• What to produce:
Using the data below, reproduce exactly the lines from the line with "半年前は休暇取って山中でしゃがんで落ちた柿を拾ってじっと見ている文在寅の記事で" to the line with "ÆòÅᤴçÁøÇ׿¡ ÀÔÇ×ÇÏ´Â À¯Á¶¼±°ú", both included; pictures must be dropped.

(Dataset entries)
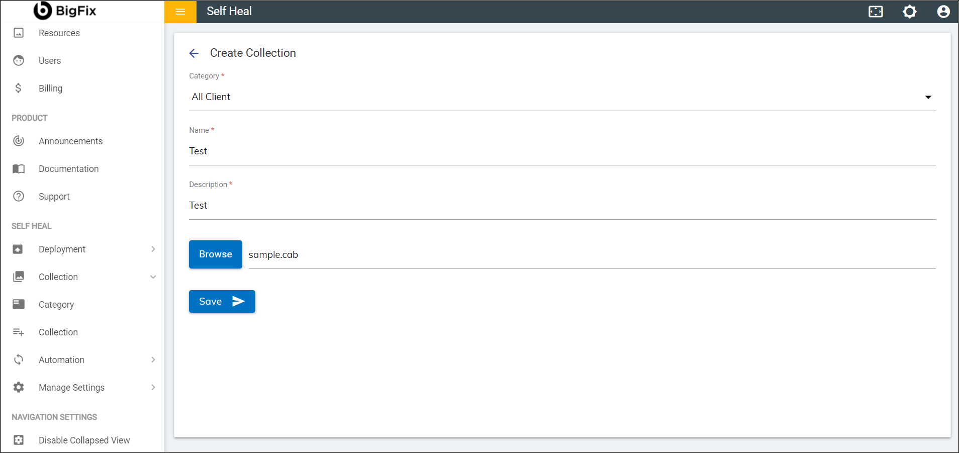- To create a collection, click on the Create button on top right corner on the Collection page.
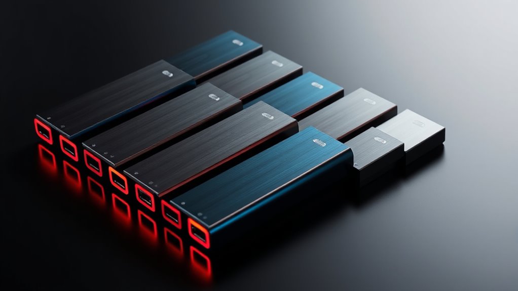 Choosing the right connection interface is key to maximizing your portable SSD’s speed and performance. USB 3.2 Gen 2 offers transfer speeds up to 10Gbps, providing faster performance than older USB standards. Thunderbolt 3 and 4 deliver incredible speeds up to 40Gbps, ideal for demanding workflows and large file transfers. USB-C connectors are reversible and compatible with most modern devices, supporting high-speed data transfer when paired with appropriate ports and cables. NVMe over USB can push speeds beyond 1,000MB/s, but you’ll need compatible host devices and cables to realize this potential. Supporting multiple standards like USB-A, USB-C, and Thunderbolt adds versatility but can influence maximum transfer speeds based on port capabilities. Choosing the right interface guarantees you get the speed you need for professional and everyday use.
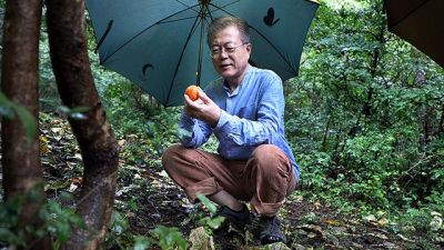 半年前は休暇取って山中でしゃがんで落ちた柿を拾ってじっと見ている文在寅の記事で
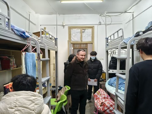 为保障学生安全返校,排查寝室安全隐患,并为新学期做好准备工作,教育科学学院宿舍管理部于2月16日下午对学生宿舍进行走访慰问。参与本次活动的有教育科学学院党委副书记刘广兵,副院长张小菊,辅导员张琦、秦姗姗、刘丽娟、伊力扎提、夏青腾以及各班班主任和学生干部。
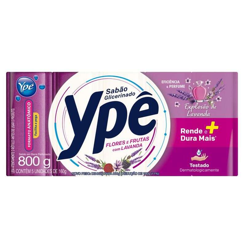 LimpezaCozinhaSabão Em BarraSabão em Barra Glicerinado Ypê Flores e Frutas 800g com 5 Unidades de 160g
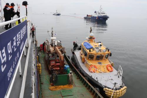ÆòÅᤴçÁøÇ׿¡ ÀÔÇ×ÇÏ´Â À¯Á¶¼±°ú ÃâÇ× ÁßÀΠȹ°¼±ÀÌ Ãæµ¹ÇÏ¿© ¼±Ã¼ÆÄ°øÀ¸·Î ÀÎÇÑ ±â¸§ º¡Ä¿CÀ¯ 30,000¸®ÅͰ¡ ÇØ»ó¿¡ À¯ÃâµÇ´Â »óȲÀ» °¡Á¤ÇÑ ¹Î¡¤°ü ÇÕµ¿ ÇØ»ó ÈÆ·ÃÀÌ´Ù.
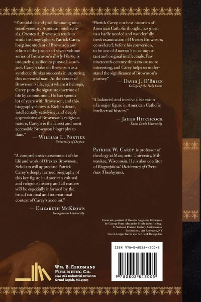 Orestes Augustus Brownson (1803- 1876) was a philosopher, essayist, and minister whose broad-ranging ideas both reflected and influenced the social and religious mores of his day. This superb biography by Patrick Carey provides a thorough, incisive account of Brownson's shifting intellectual and religious life within the context of American cultural history. Based on a close reading of Brownson's diary notebooks, letters, essays, and books, this biography chronicles the course of Brownson's eventful life, particularly his restless search for a balance between freedom and communion in his relations with God, nature, and the human community. Yet Carey's work is more than an excellent account of one man's development; it also portrays the face of an important period in American religious history. What is more, 200 years after Brownson's birth, America is marked by the same pressing social and religious issues that he himself addressed: religious pluralism, changing religious identifications, culture wars, military conflicts, and challenges to national peace and security. Carey's book shows how Brownson's values and ideas transcend his own time period and resonate helpfully with our own.
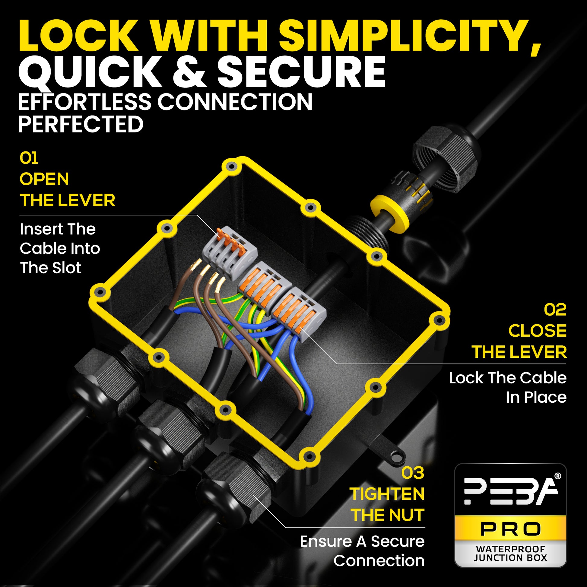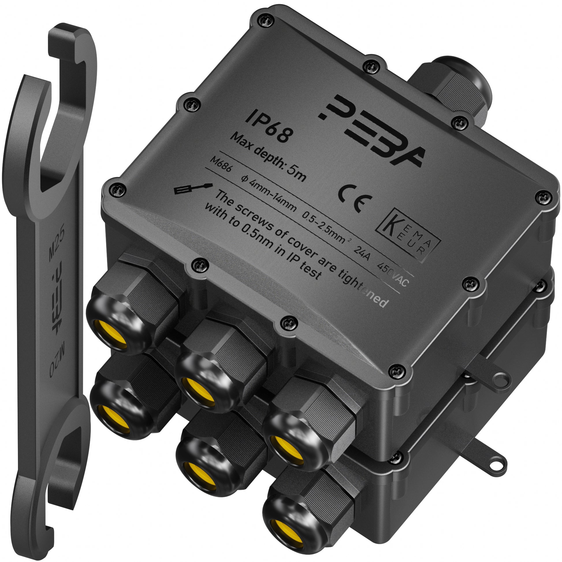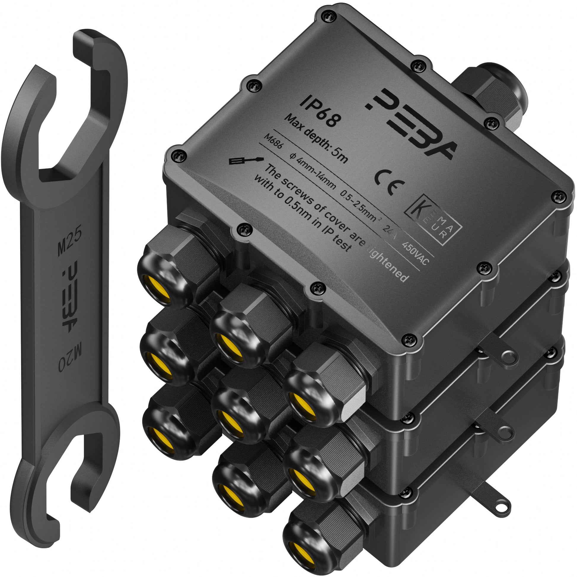 PEBA® Wasserdicht Abzweigdose Erdkabel Kabelverbinder IP68 Verteilerdose steckdose aussen verteiler Ø4mm-14mm kabel für garten outdoor verbinder box 4-Wege Schwarz
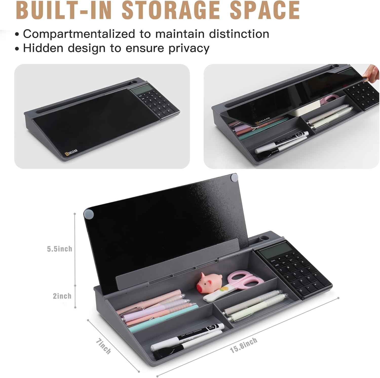SELEAD Desktop Glass Whiteboard with Calculator, Organizer, Markers, Eraser, Holder - Black Dry Erase White Board Computer Pad Keyboard Stand for Home, School, Office Desk Cubicle Accessories
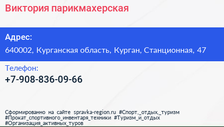 Виктория, парикмахерская по адресу 640002, Курганская область, Курган, Станционная, 47 в дальнейшем Организация, размещена в следующих категориях:
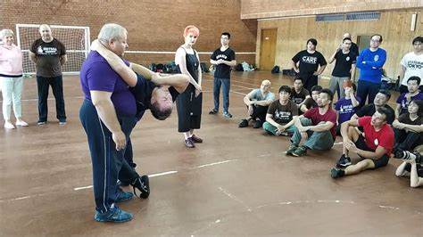Weil wir gerade schon vollmundig mit Statistiken angefangen haben: 99 % aller Kämpfe enden mit einem oder mehreren Kontrahenten auf dem Boden. Das kann in dreierlei Variationen enden: Die erste und schlimmste wäre, dass ihr bereits ausgeknockt seid, wenn ihr zu Boden geht. Hoffentlich seid ihr gut versichert. Die zweite, fast genauso schlimme ist, dass ihr auf dem Boden landet, beim Aufprall ein paar Schneidezähne verliert und von da an hilflos dessen ausgesetzt sein, das da noch kommen mag. Die dritte Variante gefällt mir aber besser, denn sie beinhaltet einen einigermaßen kontrollierten Fall und die Fortsetzung des Kampfes am Boden oder vom Boden aus. Das erfordert natürlich einiges an zusätzlichem Training und Konditionierung. Umso erschreckender ist, was für eine dampfende Pferdescheiße sich manche Kampfstile ausdenken, um sich diesen Teil des Trainings sparen zu können. Das abenteuerlichste, was ich in dieser Hinsicht erleben durfte, sind die völlig absurden und wertlosen Anti-Takedown-Techniken, die man im Wing Tsun unterrichtet (Takedown bezeichnet eine Technik, die den Gegner zu Boden bringt).
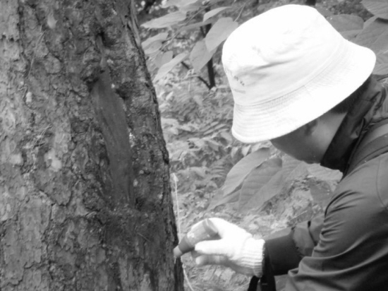 近日,嵊州林业人员在三界镇驻跸岭处为一棵树打病害预防针。 为有效保护森林树木,防止病虫害发生,嵊州有关部门组织力量深入林区为树木号脉打针,截至6月底,已为5000多棵树木打了病害预防针。 (记者 俞其军 摄)
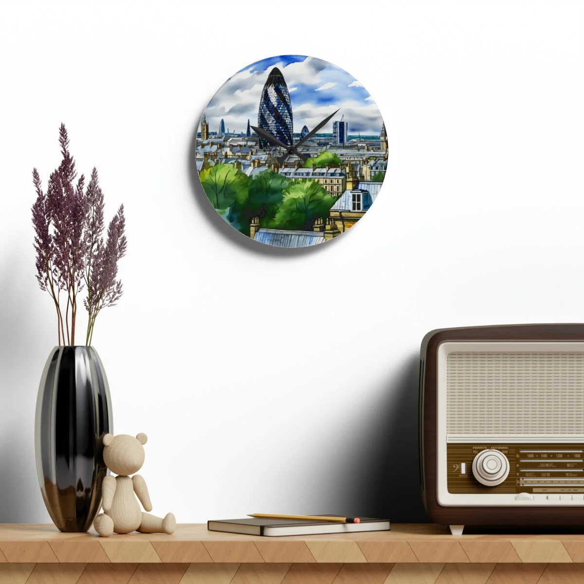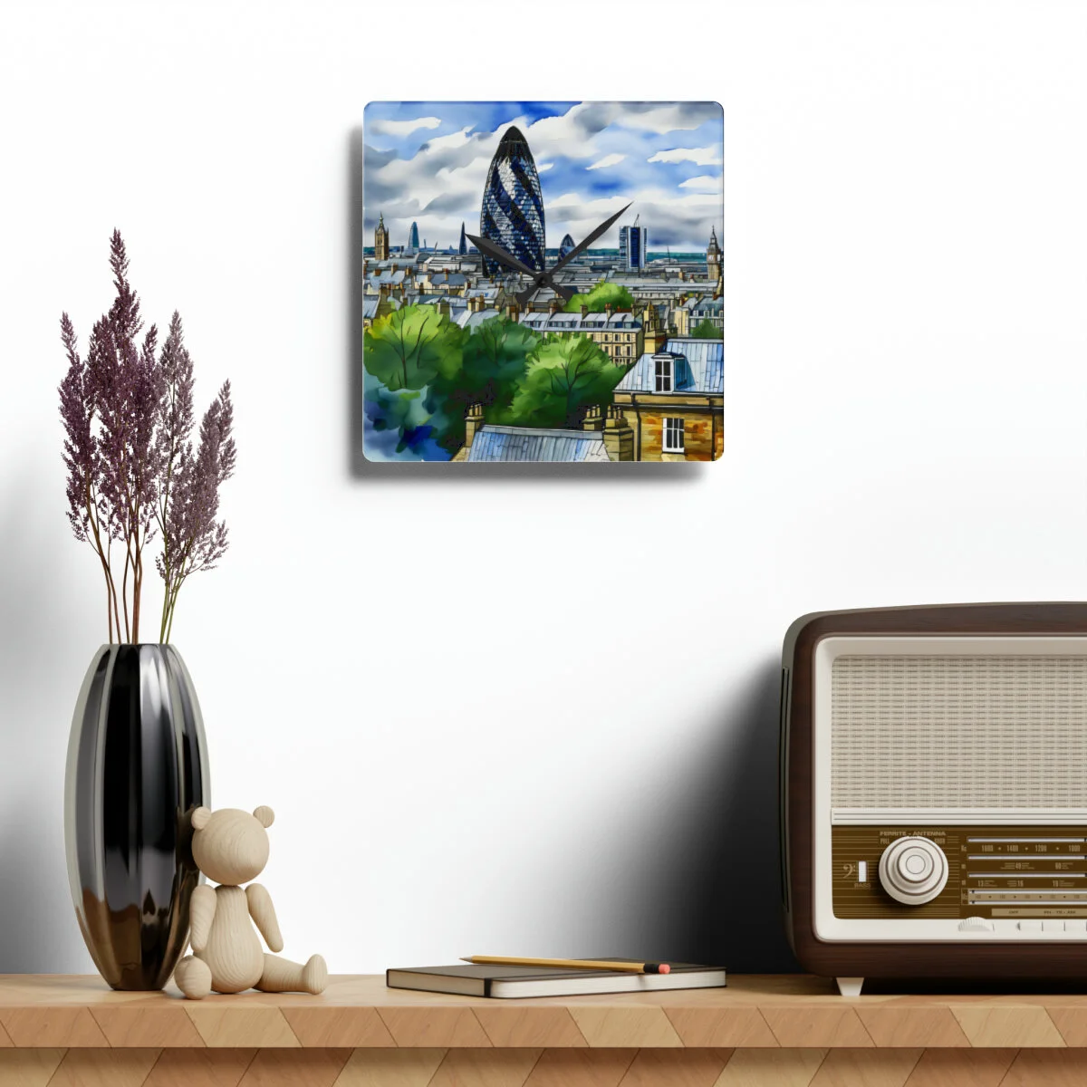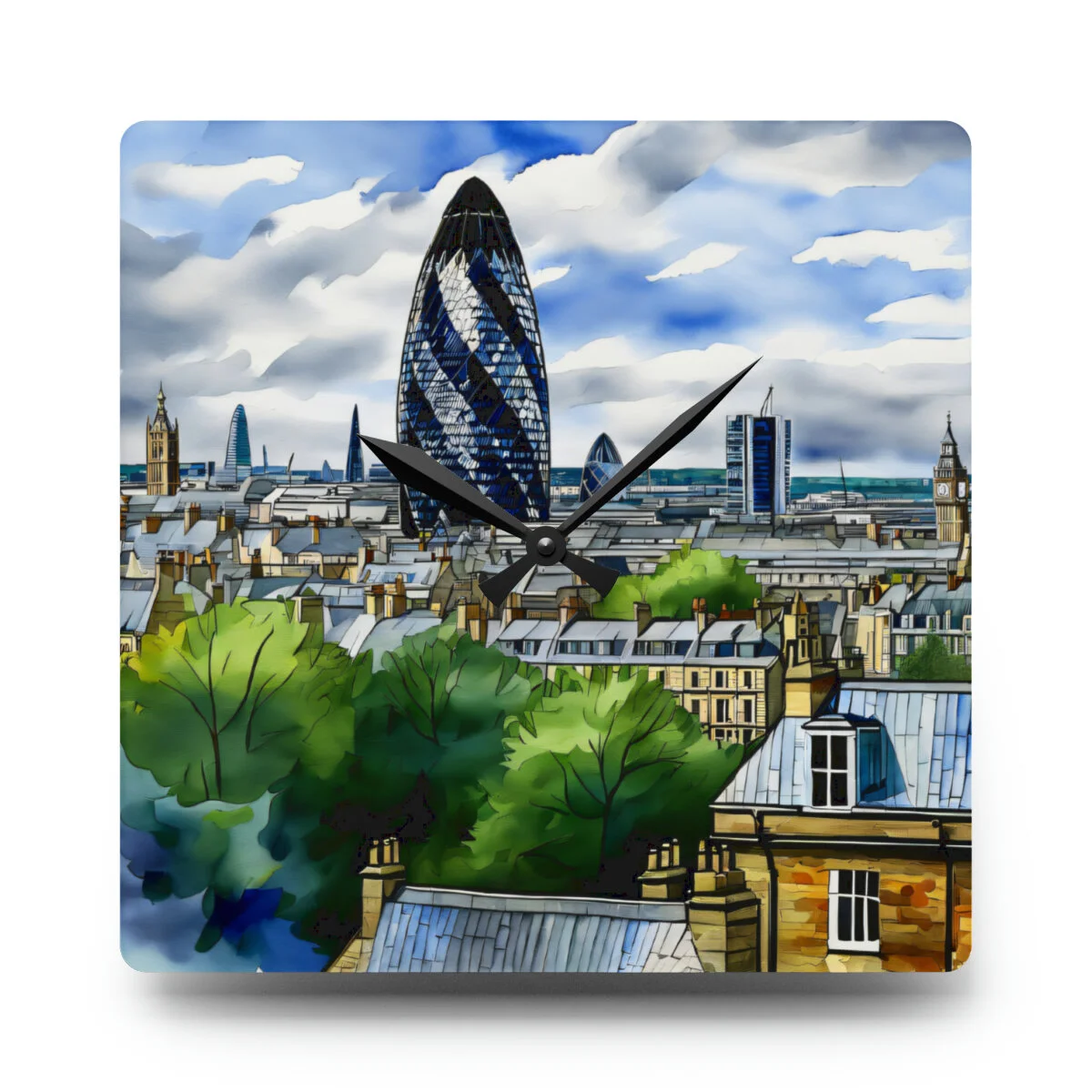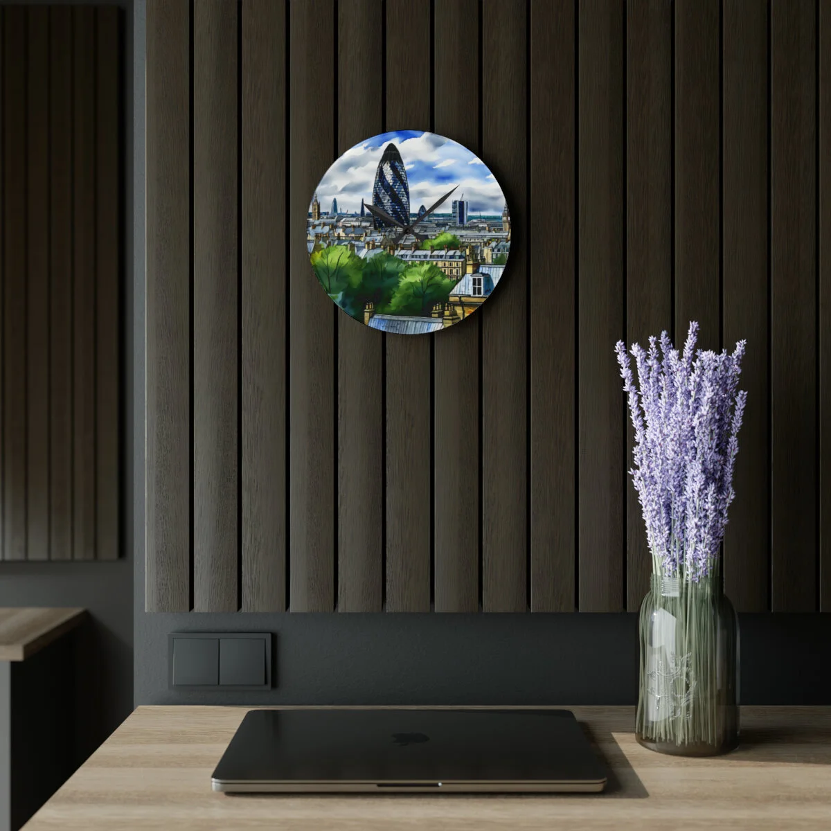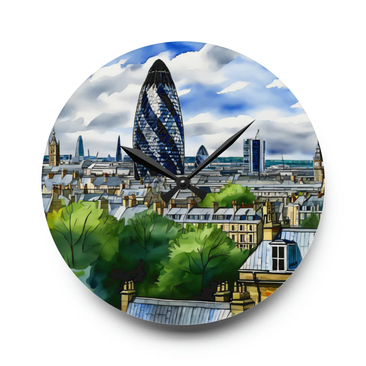 The watercolor image for this clock shows a combination of the old and the new architecture of London with the Gherkin Building, a modern architectural icon. These clocks come in two shapes (round and square). Each clock has a keyhole at the back for easy hanging on a wall. They're made from an acrylic material that looks like glass but is more durable and sturdier.

• Exercise response:
 半年前は休暇取って山中でしゃがんで落ちた柿を拾ってじっと見ている文在寅の記事で
 为保障学生安全返校,排查寝室安全隐患,并为新学期做好准备工作,教育科学学院宿舍管理部于2月16日下午对学生宿舍进行走访慰问。参与本次活动的有教育科学学院党委副书记刘广兵,副院长张小菊,辅导员张琦、秦姗姗、刘丽娟、伊力扎提、夏青腾以及各班班主任和学生干部。
 LimpezaCozinhaSabão Em BarraSabão em Barra Glicerinado Ypê Flores e Frutas 800g com 5 Unidades de 160g
ÆòÅᤴçÁøÇ׿¡ ÀÔÇ×ÇÏ´Â À¯Á¶¼±°ú ÃâÇ× ÁßÀΠȹ°¼±ÀÌ Ãæµ¹ÇÏ¿© ¼±Ã¼ÆÄ°øÀ¸·Î ÀÎÇÑ ±â¸§ º¡Ä¿CÀ¯ 30,000¸®ÅͰ¡ ÇØ»ó¿¡ À¯ÃâµÇ´Â »óȲÀ» °¡Á¤ÇÑ ¹Î¡¤°ü ÇÕµ¿ ÇØ»ó ÈÆ·ÃÀÌ´Ù.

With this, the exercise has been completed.